# [INSTRUCTIONS TO FOLLOW]
The reply must contain exactly the lines below from the one with "A fox poses" down to the one with "Patrová postel palanda", both included, and nothing more; please omit the pictures.

# [DATA RECORDS]
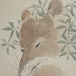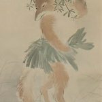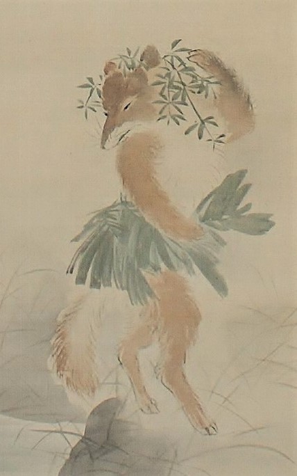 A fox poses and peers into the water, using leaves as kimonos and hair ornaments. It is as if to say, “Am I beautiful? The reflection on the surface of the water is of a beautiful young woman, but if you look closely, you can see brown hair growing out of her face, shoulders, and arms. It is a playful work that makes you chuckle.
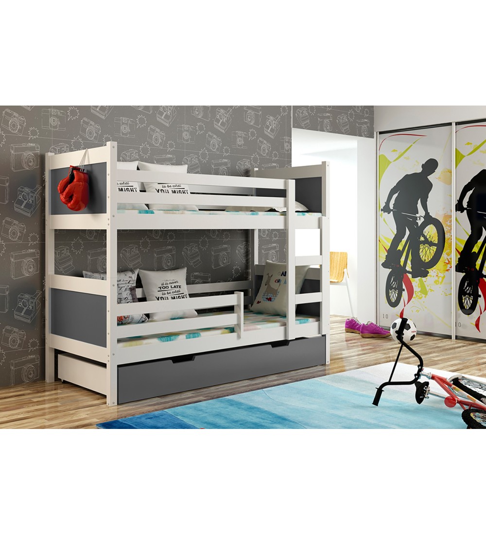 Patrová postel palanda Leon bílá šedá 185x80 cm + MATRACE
...
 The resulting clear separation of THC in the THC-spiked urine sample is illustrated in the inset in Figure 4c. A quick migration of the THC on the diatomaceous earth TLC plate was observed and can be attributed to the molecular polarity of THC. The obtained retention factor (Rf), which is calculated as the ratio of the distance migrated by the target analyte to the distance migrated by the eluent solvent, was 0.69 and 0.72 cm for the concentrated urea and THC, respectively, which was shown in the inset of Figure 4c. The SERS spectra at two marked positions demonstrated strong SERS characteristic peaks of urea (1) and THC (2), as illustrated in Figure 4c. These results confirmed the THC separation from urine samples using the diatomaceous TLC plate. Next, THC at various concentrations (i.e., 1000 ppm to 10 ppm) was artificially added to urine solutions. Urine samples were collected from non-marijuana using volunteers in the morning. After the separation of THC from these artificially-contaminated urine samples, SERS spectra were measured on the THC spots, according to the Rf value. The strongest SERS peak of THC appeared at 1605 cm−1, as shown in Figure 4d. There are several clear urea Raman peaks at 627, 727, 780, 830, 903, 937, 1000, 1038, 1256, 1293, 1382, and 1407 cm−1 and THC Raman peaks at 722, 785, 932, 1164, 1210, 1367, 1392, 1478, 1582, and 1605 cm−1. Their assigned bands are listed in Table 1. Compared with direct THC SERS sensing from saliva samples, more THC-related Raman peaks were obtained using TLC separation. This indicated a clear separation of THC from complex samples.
==
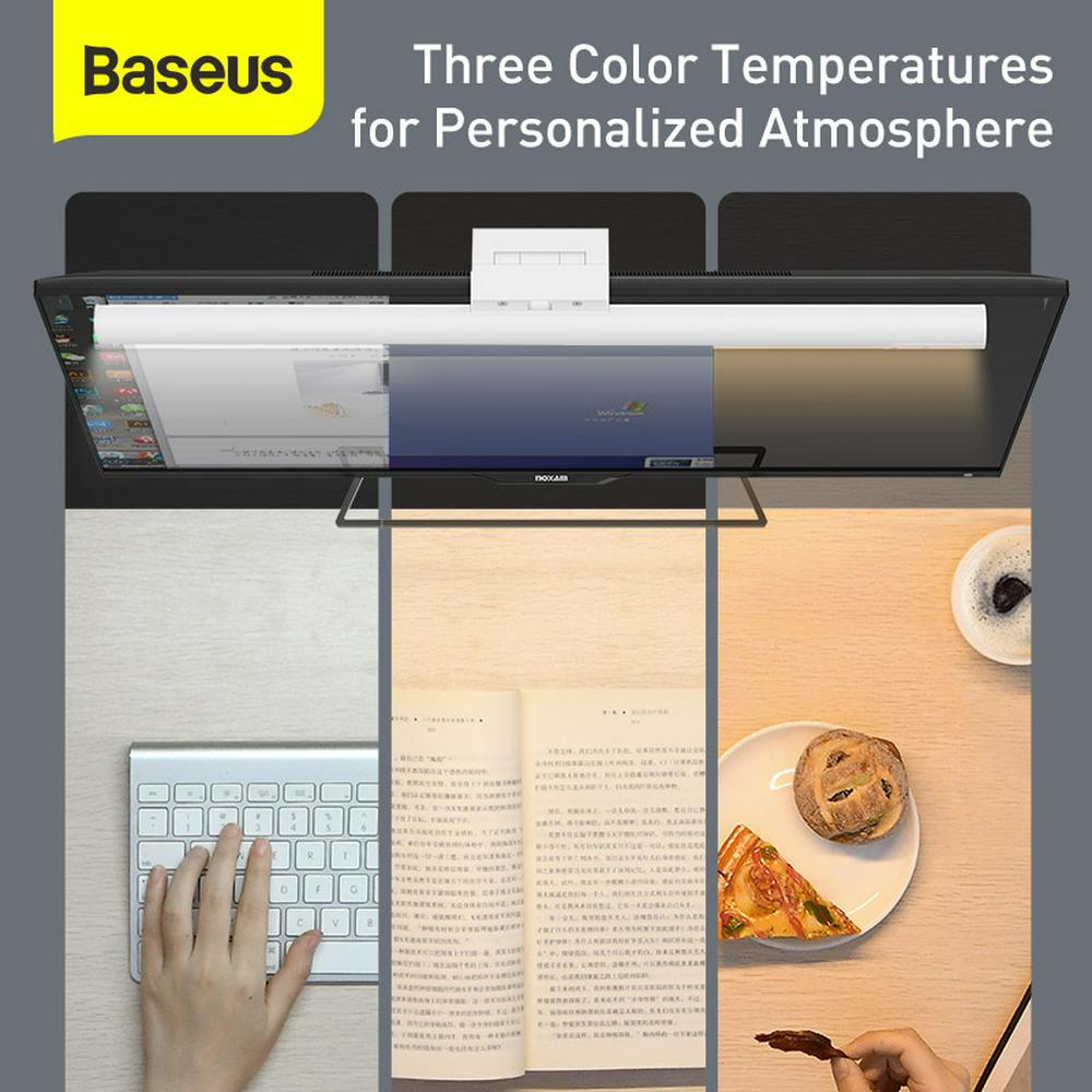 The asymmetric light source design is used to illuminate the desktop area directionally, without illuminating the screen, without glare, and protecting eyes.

# [TASK SOLUTION]
 A fox poses and peers into the water, using leaves as kimonos and hair ornaments. It is as if to say, “Am I beautiful? The reflection on the surface of the water is of a beautiful young woman, but if you look closely, you can see brown hair growing out of her face, shoulders, and arms. It is a playful work that makes you chuckle.
 Patrová postel palanda Leon bílá šedá 185x80 cm + MATRACE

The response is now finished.